## PROMPT:
If a record contains a picture, skip the picture and transcribe the rest exactly.

## DATA EXCERPTS:
********

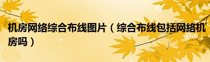 导读 大家好,小编慧慧来为大家解答以上的问题。机房网络综合布线图片,综合布线包括网络机房吗很多人还不知道,现在让我们一起来看看吧!1、不
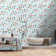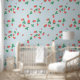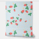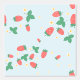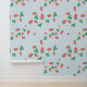 A sweet cute wallpaper that features a delightful and playful pattern of scattered mini strawberries on a sweet, light blue sky background. The strawberries are rendered in a vibrant red with green leaves, and they are interspersed with small, delicate white or light yellow strawberry flowers, adding to the charm. The overall impression is cheerful, fresh, and sweet, making it ideal for nursery’s decor and baby, toddler, child rooms.
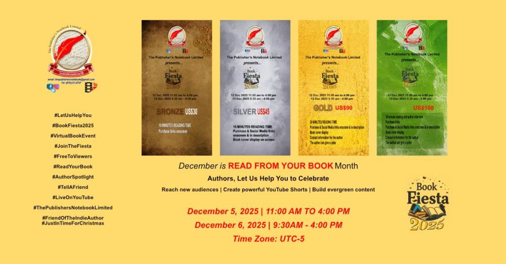 Whether you’re launching a new book or showcasing a published title, you’re invited to grow your audience and connect with readers at BOOK FIESTA 2025 - a virtual annual event proudly hosted by The Publisher’s Notebook Limited.
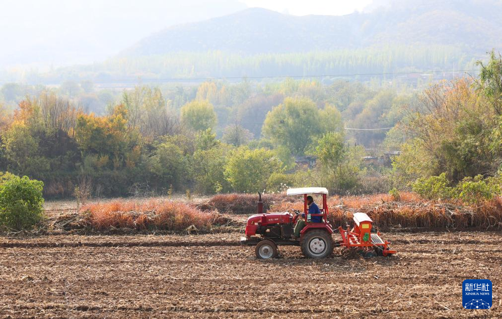 11月3日,在河北省石家庄市井陉县威州镇东街村田地,农户驾驶农机播种冬小麦。
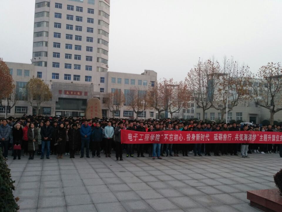 11月20日上午6时30分,电子工程学院“不忘初心,投身新时代,砥砺前行,共筑海洋梦”主题升旗仪式在苍梧校区教学主楼前广场隆重举行。学院领导、各系系务工作领导小组成员、辅导员、班主任以及全体学生参加了升旗仪式,仪式由刘家存老师主持。

********

## OUTPUT:
 导读 大家好,小编慧慧来为大家解答以上的问题。机房网络综合布线图片,综合布线包括网络机房吗很多人还不知道,现在让我们一起来看看吧!1、不
 A sweet cute wallpaper that features a delightful and playful pattern of scattered mini strawberries on a sweet, light blue sky background. The strawberries are rendered in a vibrant red with green leaves, and they are interspersed with small, delicate white or light yellow strawberry flowers, adding to the charm. The overall impression is cheerful, fresh, and sweet, making it ideal for nursery’s decor and baby, toddler, child rooms.
 Whether you’re launching a new book or showcasing a published title, you’re invited to grow your audience and connect with readers at BOOK FIESTA 2025 - a virtual annual event proudly hosted by The Publisher’s Notebook Limited.
 11月3日,在河北省石家庄市井陉县威州镇东街村田地,农户驾驶农机播种冬小麦。
 11月20日上午6时30分,电子工程学院“不忘初心,投身新时代,砥砺前行,共筑海洋梦”主题升旗仪式在苍梧校区教学主楼前广场隆重举行。学院领导、各系系务工作领导小组成员、辅导员、班主任以及全体学生参加了升旗仪式,仪式由刘家存老师主持。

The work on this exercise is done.